(539c) Understanding and Controlling Fractional Free Volume in Ionic Liquid-Based Polymer Membranes for CO2 Capture

Research using ionic liquids (ILs) in gas separation membranes is now entering its second decade. The tunable structures of ILs have provided a number of unique materials being produced for membrane-based CO₂ capture. Approaches to IL-based membrane materials include supported liquid membranes, polymerized ILs or poly(ILs), block co-polymers interfaced with ILs, poly(IL)-IL composites and gels. Given the advancements over the past several years in the state of IL materials development, we now see a need to re-visit some fundamental aspects of ILs in order to better outline a path forward for IL-based membranes.

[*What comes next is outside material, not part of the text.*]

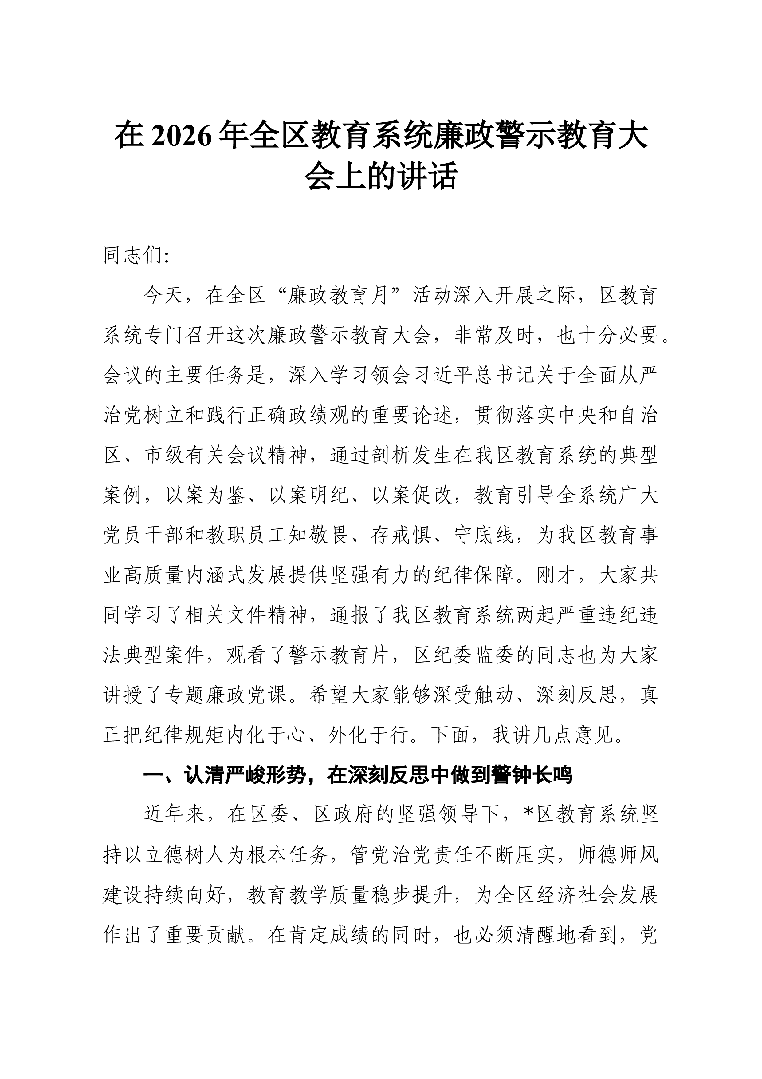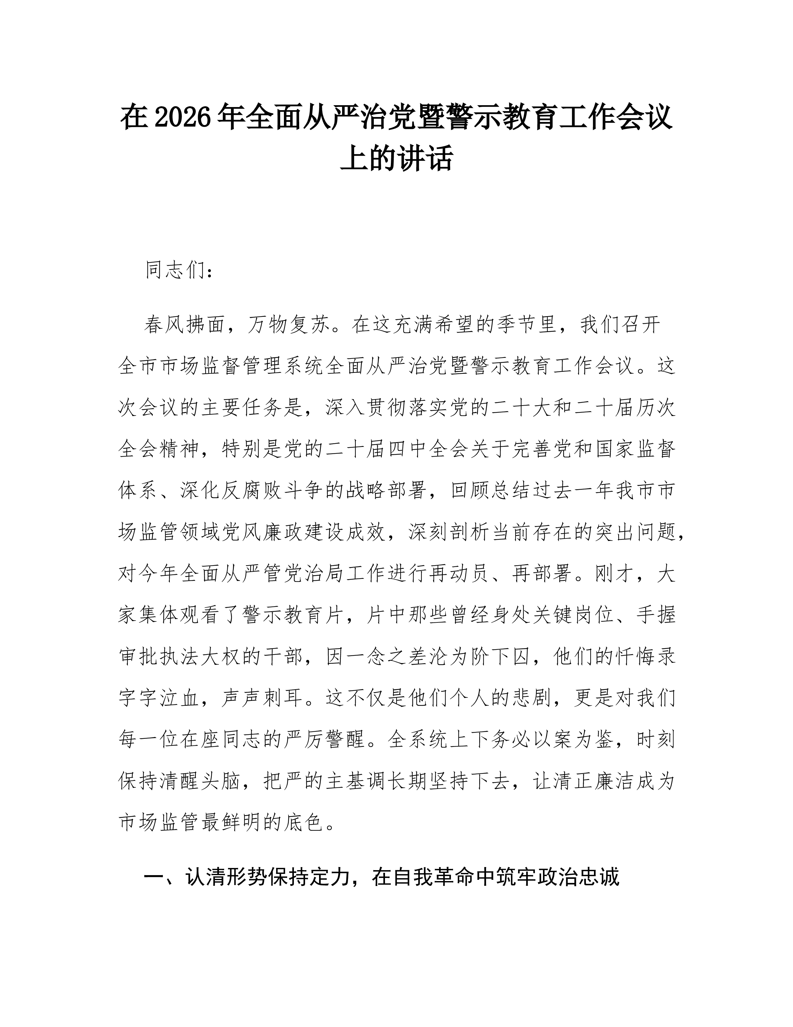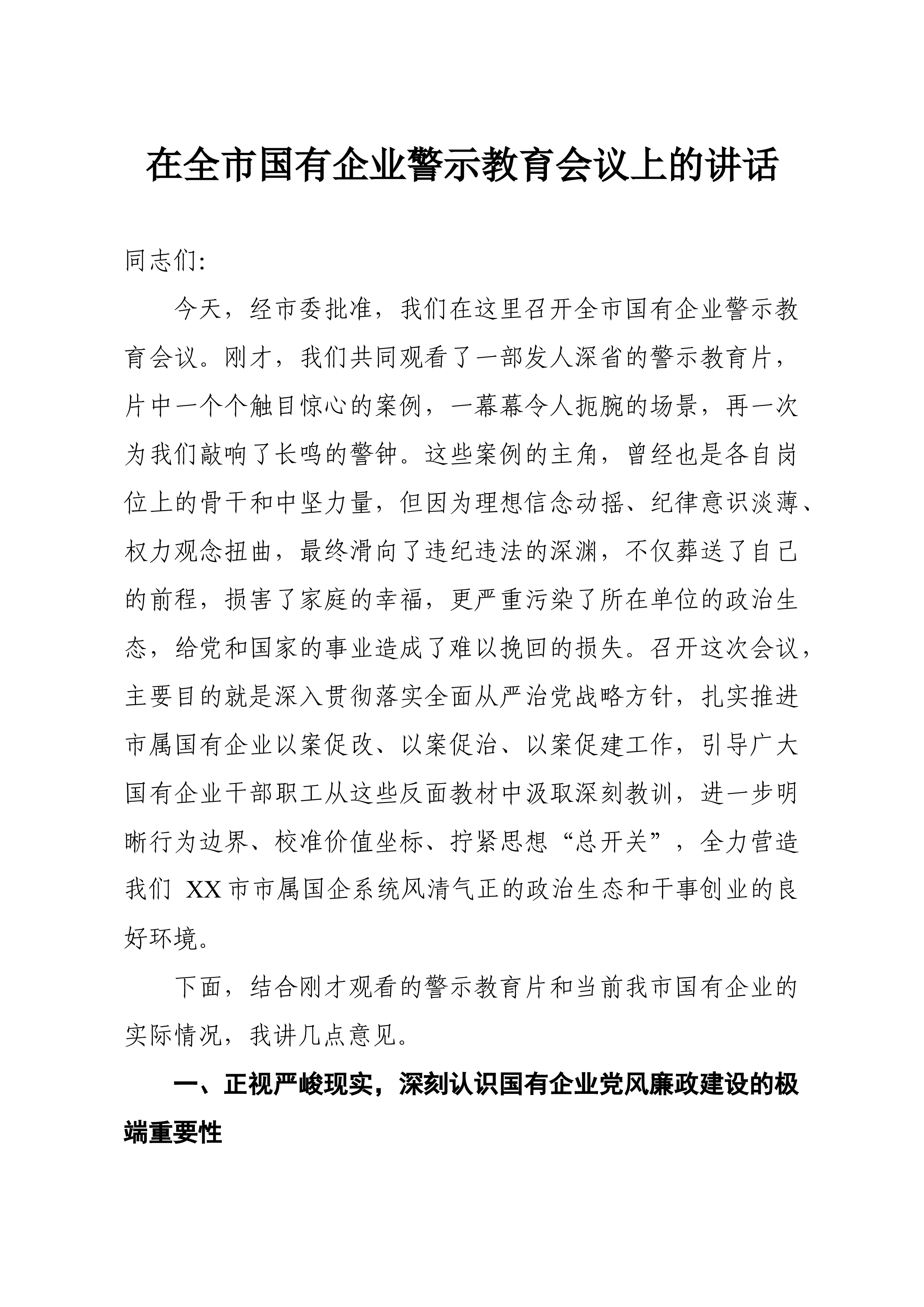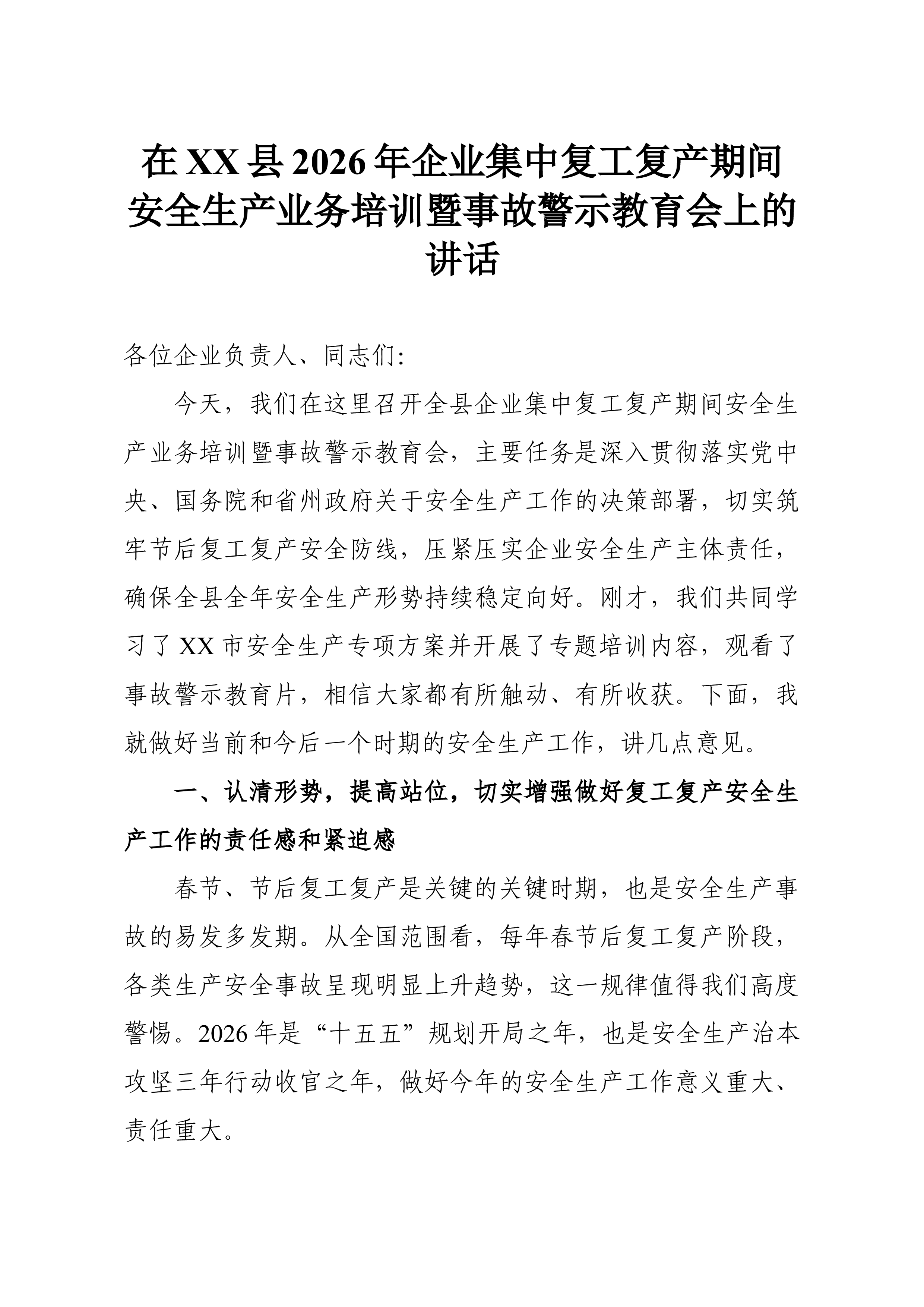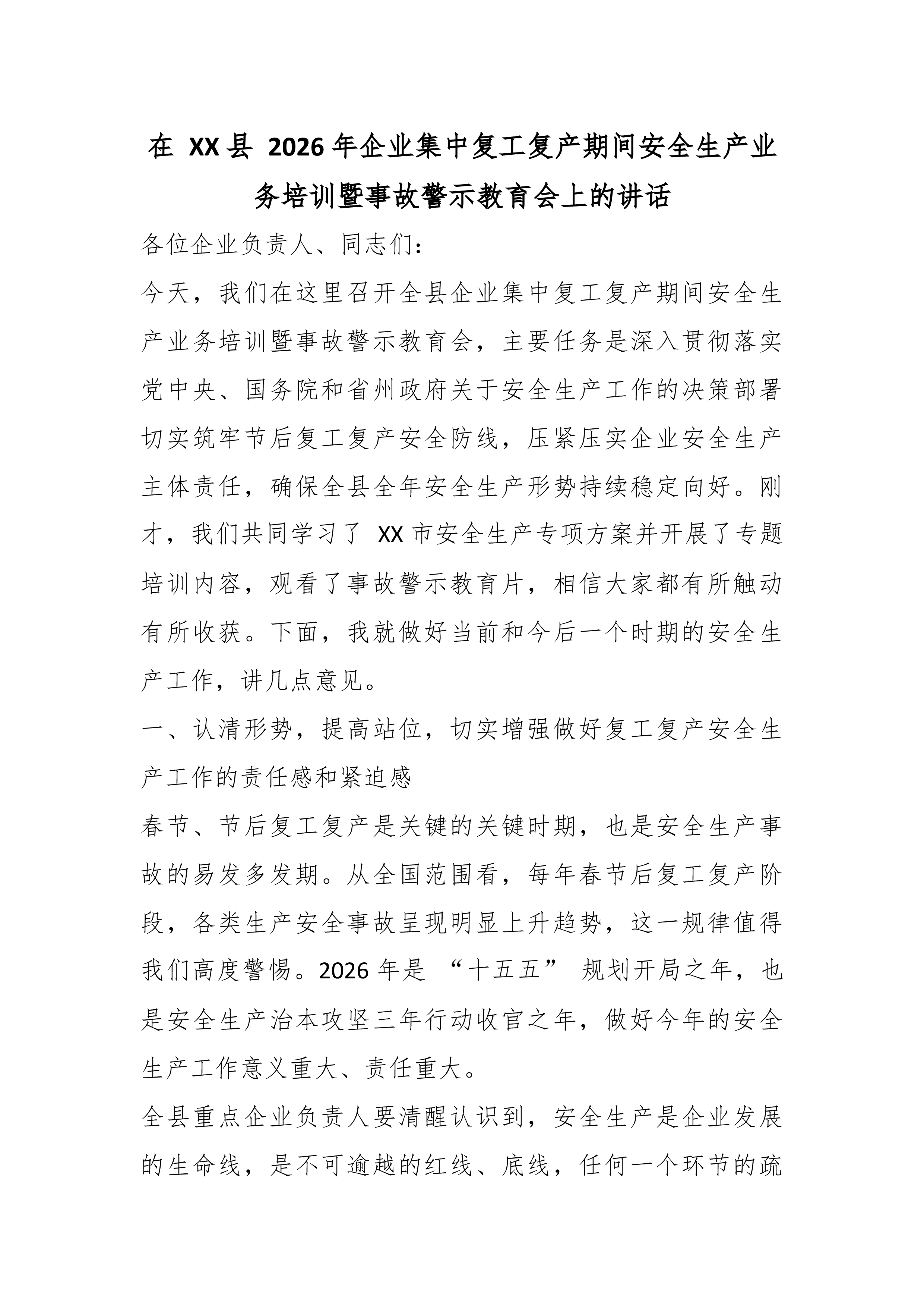 在XX县2026年企业集中复工复产期间安全生产业务培训暨事故警示教育会上的讲话各位企业负责人、同志们:今天,我们在这里召开全县企业集中复工复产期间安全生产业务培训暨事故警示教育会,主要任务是深入贯彻落实党中央、国务院和省州政府关于安全生产工作的决策部署切实筑牢节后复工复产安全防线,压紧压实企业安全生产主体责任,确保全县全年安全生产形势持续稳定向好。刚才,我们共同学习了XX市安全生产专项方案并开展了专题培训内容,观看了事故警示教育片,相信大家都有所触动有所收获。下面,我就做好当前和今后一个时期的安全生产工作,讲几点意见。一、认清形势,提高站位,切实增强做好复工复产安全生产工作的责任感和紧迫感春节、节后复工复产是关键的关键时期,也是安全生产事故的易发多发期。从全国范围看,每年春节后复工复产阶段,...

While fractional free volume (FFV) is known to play a significant role in the properties and performances of polymer gas separation membranes, little focus has been given to developing relationships between FFV and IL-based materials. We recently calculated FFV values for 165 combinations of 1-n-alkyl-3-methylimidazolium ILs ([C_nmim][X]) using the COSMOtherm package. FFV was found to be a function of IL molar volume, and as such, earlier models for gas solubility based on Regular Solution Theory can now be reinterpreted in terms of free volume. In concert with experimental data, trends and relationships of gas solubility for various cation/anion pairs were directly linked to computational results. For gases such as CH₄ and N₂, it was determined that as FFV increases, solubility increases in a manner that is directly proportional to free volume. However, within a given IL family (e.g. same anion with various cations), solubility of CO₂ was observed to decrease with increasing FFV. Using experimental data, the influence of free volume on gas solubilities has been determined, and suggests that CO₂ selectivity is a function of the free volume to the (-3/2) power.

Furthermore, we are now exploring new ways to control IL FFV as a means of improving CO₂ solubility, selectivity and permeability in IL-based membranes, using COSMOtherm as a means of guiding materials design. Simulations suggest that maintaining a highly polar free volume around the IL is key to maximizing CO2 permeability and selectivity.  Initial experimental and computational results obtained for these new generations of IL-based membranes will also be presented.